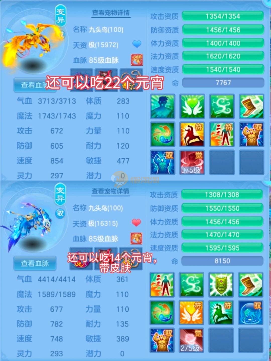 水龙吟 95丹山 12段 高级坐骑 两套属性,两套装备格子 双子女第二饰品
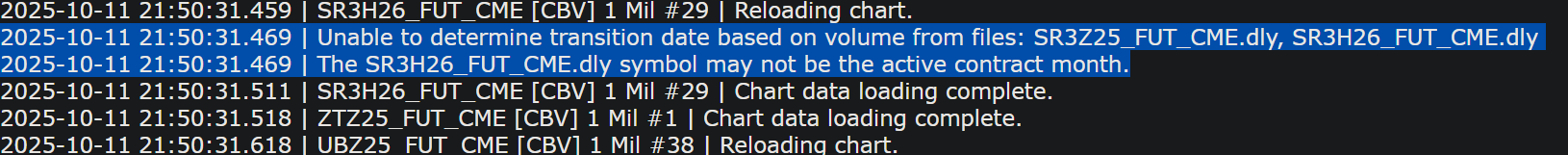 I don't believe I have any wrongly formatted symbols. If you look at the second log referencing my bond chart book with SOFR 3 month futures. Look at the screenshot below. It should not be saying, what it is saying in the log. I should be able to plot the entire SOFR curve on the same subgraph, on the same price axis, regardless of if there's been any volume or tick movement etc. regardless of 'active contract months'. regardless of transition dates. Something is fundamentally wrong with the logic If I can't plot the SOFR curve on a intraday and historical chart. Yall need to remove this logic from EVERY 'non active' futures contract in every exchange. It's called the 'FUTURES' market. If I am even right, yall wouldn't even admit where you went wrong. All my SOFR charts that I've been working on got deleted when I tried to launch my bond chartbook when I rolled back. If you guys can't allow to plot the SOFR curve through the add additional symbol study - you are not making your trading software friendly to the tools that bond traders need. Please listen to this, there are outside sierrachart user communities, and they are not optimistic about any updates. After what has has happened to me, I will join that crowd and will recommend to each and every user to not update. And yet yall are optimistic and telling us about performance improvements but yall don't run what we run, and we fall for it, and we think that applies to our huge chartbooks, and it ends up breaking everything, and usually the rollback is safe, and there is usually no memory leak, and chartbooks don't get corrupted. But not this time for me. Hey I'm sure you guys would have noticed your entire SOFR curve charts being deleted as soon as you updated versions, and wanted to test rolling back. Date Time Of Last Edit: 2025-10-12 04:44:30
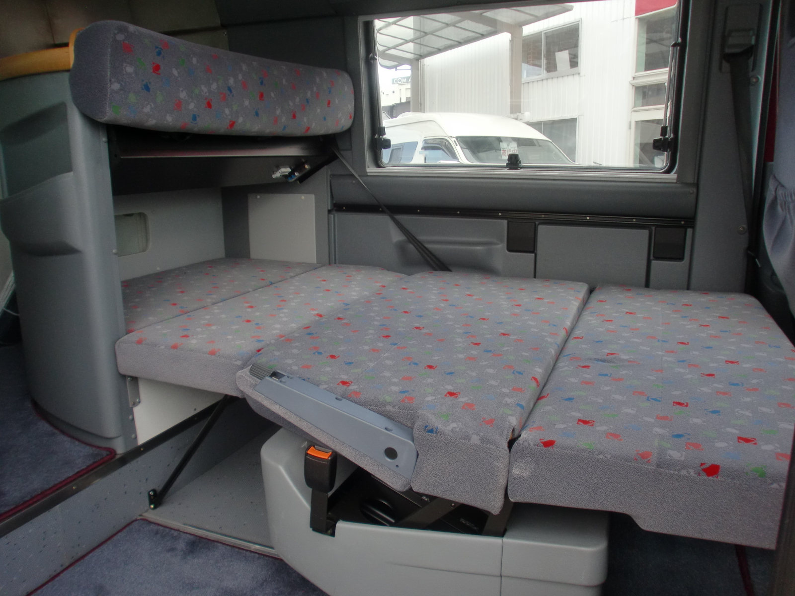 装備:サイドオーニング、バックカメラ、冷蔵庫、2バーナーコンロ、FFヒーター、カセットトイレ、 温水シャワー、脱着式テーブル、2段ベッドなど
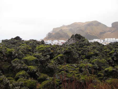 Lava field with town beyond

> What is required: Retype the listing exactly. Skip every picture.

> Answer space:
 水龙吟 95丹山 12段 高级坐骑 两套属性,两套装备格子 双子女第二饰品
 I don't believe I have any wrongly formatted symbols. If you look at the second log referencing my bond chart book with SOFR 3 month futures. Look at the screenshot below. It should not be saying, what it is saying in the log. I should be able to plot the entire SOFR curve on the same subgraph, on the same price axis, regardless of if there's been any volume or tick movement etc. regardless of 'active contract months'. regardless of transition dates. Something is fundamentally wrong with the logic If I can't plot the SOFR curve on a intraday and historical chart. Yall need to remove this logic from EVERY 'non active' futures contract in every exchange. It's called the 'FUTURES' market. If I am even right, yall wouldn't even admit where you went wrong. All my SOFR charts that I've been working on got deleted when I tried to launch my bond chartbook when I rolled back. If you guys can't allow to plot the SOFR curve through the add additional symbol study - you are not making your trading software friendly to the tools that bond traders need. Please listen to this, there are outside sierrachart user communities, and they are not optimistic about any updates. After what has has happened to me, I will join that crowd and will recommend to each and every user to not update. And yet yall are optimistic and telling us about performance improvements but yall don't run what we run, and we fall for it, and we think that applies to our huge chartbooks, and it ends up breaking everything, and usually the rollback is safe, and there is usually no memory leak, and chartbooks don't get corrupted. But not this time for me. Hey I'm sure you guys would have noticed your entire SOFR curve charts being deleted as soon as you updated versions, and wanted to test rolling back. Date Time Of Last Edit: 2025-10-12 04:44:30
 装備:サイドオーニング、バックカメラ、冷蔵庫、2バーナーコンロ、FFヒーター、カセットトイレ、 温水シャワー、脱着式テーブル、2段ベッドなど
 Lava field with town beyond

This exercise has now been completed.